Question

The smallest positive real number \( \lambda \), for which the following problem \[ y''(x) + \lambda y(x) = 0, y'(0) = 0, y(1) = 0 \] has a non-zero solution, is

• A. \( \pi^2 \)
• B. \( \frac{\pi^2}{2} \)
• C. \( \frac{\pi^2}{4} \)
• D. \( \frac{\pi^2}{8} \)

Hint:

For Sturm-Liouville problems, the eigenvalues correspond to the values of \( \lambda \) that satisfy the boundary conditions. In this case, the smallest eigenvalue corresponds to the smallest value of \( \sqrt{\lambda} \) for which \( \cos(\sqrt{\lambda}) = 0 \).

Answer 1

The Correct Option is C

We are given the differential equation \( y''(x) + \lambda y(x) = 0 \), along with the boundary conditions \( y'(0) = 0 \) and \( y(1) = 0 \). This is a standard Sturm-Liouville problem, which is common in various applications, including vibration analysis and quantum mechanics. The goal is to find the smallest positive value of \( \lambda \) such that the given boundary value problem has a non-trivial (non-zero) solution.

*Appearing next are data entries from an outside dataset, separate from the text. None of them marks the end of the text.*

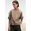 Grımelange Serenya Kadın Pamuklu Etiket Detaylı Bisiklet Yaka Vizon Sweatshirt Vizon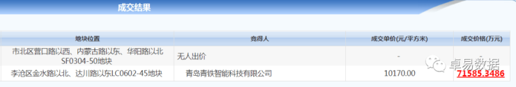 · 青岛青铁智能科技有限公司(青铁) 获得东李东大物流园7.04万㎡地块,楼板价10170元/㎡,总价7.16亿;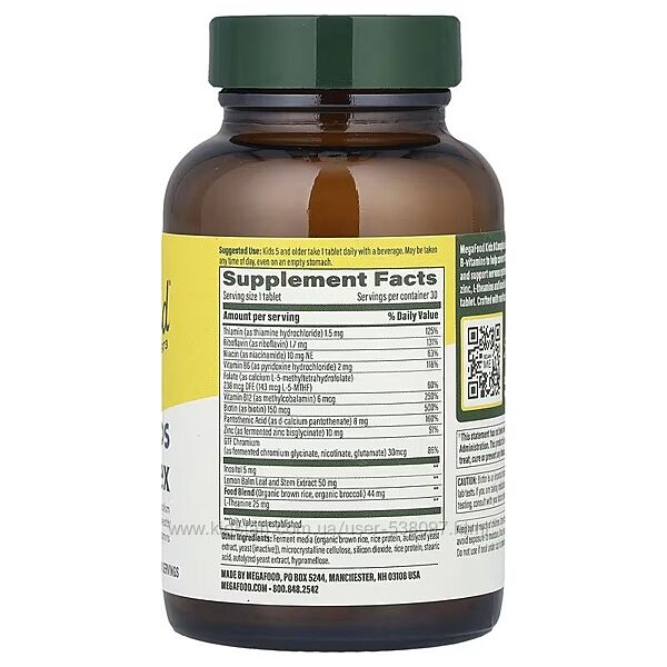 Подробное описание: MegaFood Комплекс витаминов группы B для детей. 30 таблеток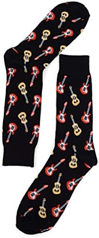 PARQUET Men’s Fun Crew Socks, Sock Size 10-13 / Shoe Size 6-12.5, Great Holiday/Birthday Gift (Guitars Red & Yellow), Large…
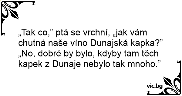 „Tak co,” ptá se vrchní, „jak vám chutná naše víno Dunajská kapka?”
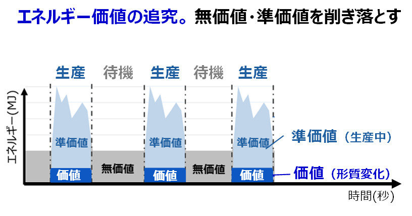 分析においては、「IoT見える化システム」を導入することで、各設備のエネルギー使用量を秒単位で計測。各設備の詳細なエネルギー使用量の変化に加え、設備の稼働周期や設備間のエネルギー使用量の関係性を明らかにし、「理論値エナジー」の考え方に基づきエネルギーの価値を分析しました。

Step 1: Solve the homogeneous equation.
The given differential equation is: \[ y''(x) + \lambda y(x) = 0. \] This is a second-order linear homogeneous differential equation with constant coefficients. The general solution to this equation depends on the value of \( \lambda \). If \( \lambda > 0 \), the solution is: \[ y(x) = A \cos(\sqrt{\lambda} x) + B \sin(\sqrt{\lambda} x), \] where \( A \) and \( B \) are constants determined by the boundary conditions.

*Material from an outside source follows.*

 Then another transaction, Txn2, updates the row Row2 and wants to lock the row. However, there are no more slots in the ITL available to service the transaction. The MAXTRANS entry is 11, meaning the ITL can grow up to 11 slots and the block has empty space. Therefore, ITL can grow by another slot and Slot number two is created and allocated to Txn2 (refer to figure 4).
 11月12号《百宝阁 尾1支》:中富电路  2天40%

Step 2: Apply the first boundary condition.
We are given that \( y'(0) = 0 \). Taking the derivative of the general solution: \[ y'(x) = -A \sqrt{\lambda} \sin(\sqrt{\lambda} x) + B \sqrt{\lambda} \cos(\sqrt{\lambda} x). \] Substituting \( x = 0 \) into this equation gives: \[ y'(0) = B \sqrt{\lambda} = 0. \] For a non-zero solution, we must have \( B = 0 \). Therefore, the solution reduces to: \[ y(x) = A \cos(\sqrt{\lambda} x). \]

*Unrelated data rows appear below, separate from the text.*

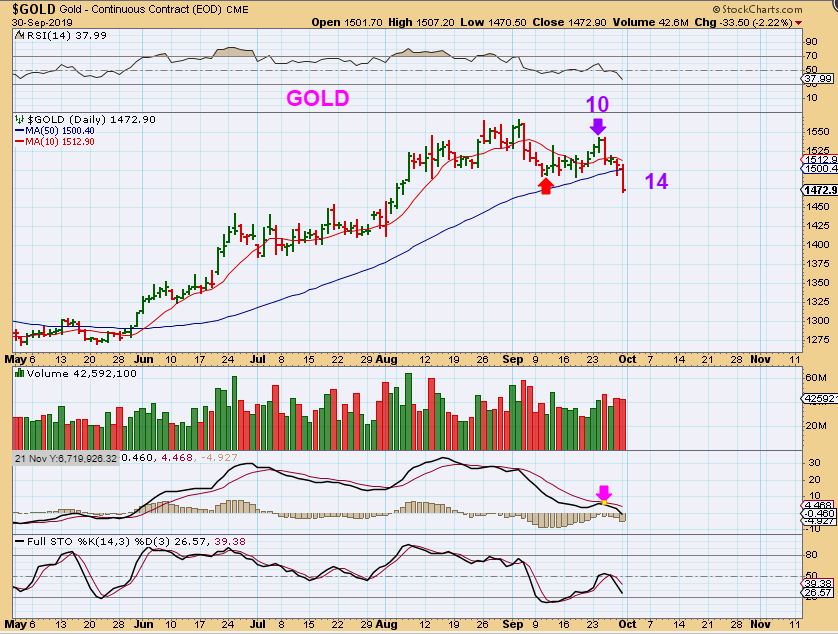 GOLD – Gold broke down as expected, since Miners were leading the way. This is only day 14, so if Gold or Miners puts in a bounce, please remember that it can still move lower for 2-3 weeks and likely will to become L.T. I have pointed out that Gold has formed a Head & Shoulders pattern.
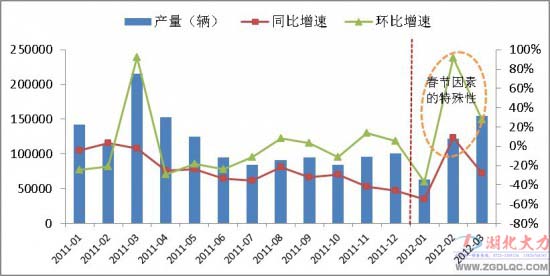 從第一季度各月份增長情況來看,與往年相比,一季度各月份比例存在著較大不同,其主要原因歸結(jié)如下:往年春節(jié)均在2月份,而今年的春節(jié)提前11天至1月,使得原本2月份產(chǎn)銷量均較低的情況提前至1月;元旦假期是另一個(gè)主要原因,1月工作日僅有17天,使得今年1月份的產(chǎn)量同比、環(huán)比增幅均呈現(xiàn)出較大幅度下降;相比之下,2月份由于工作日較往年多,同比、環(huán)比均呈現(xiàn)出較大幅度的增長。圖1為2011年以來專用汽車的月度走勢圖。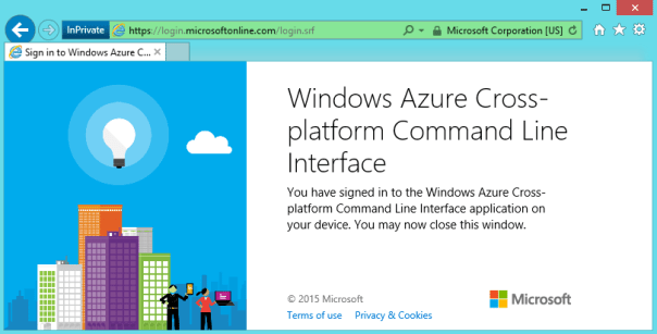 Ensure that CLI installation is successful by checking out the ‘azure’ command. Ensure that you have version 0.9.10 or later.

Step 3: Apply the second boundary condition.
The second boundary condition is \( y(1) = 0 \). Substituting into the solution: \[ y(1) = A \cos(\sqrt{\lambda}) = 0. \] For a non-zero solution, we require \( \cos(\sqrt{\lambda}) = 0 \). This occurs when: \[ \sqrt{\lambda} = \frac{\pi}{2}, \frac{3\pi}{2}, \frac{5\pi}{2}, \dots. \] Thus, the smallest positive value of \( \sqrt{\lambda} \) is \( \frac{\pi}{2} \), which gives: \[ \lambda = \left( \frac{\pi}{2} \right)^2 = \frac{\pi^2}{4}. \]

Final Answer: \[ \boxed{\frac{\pi^2}{4}}. \]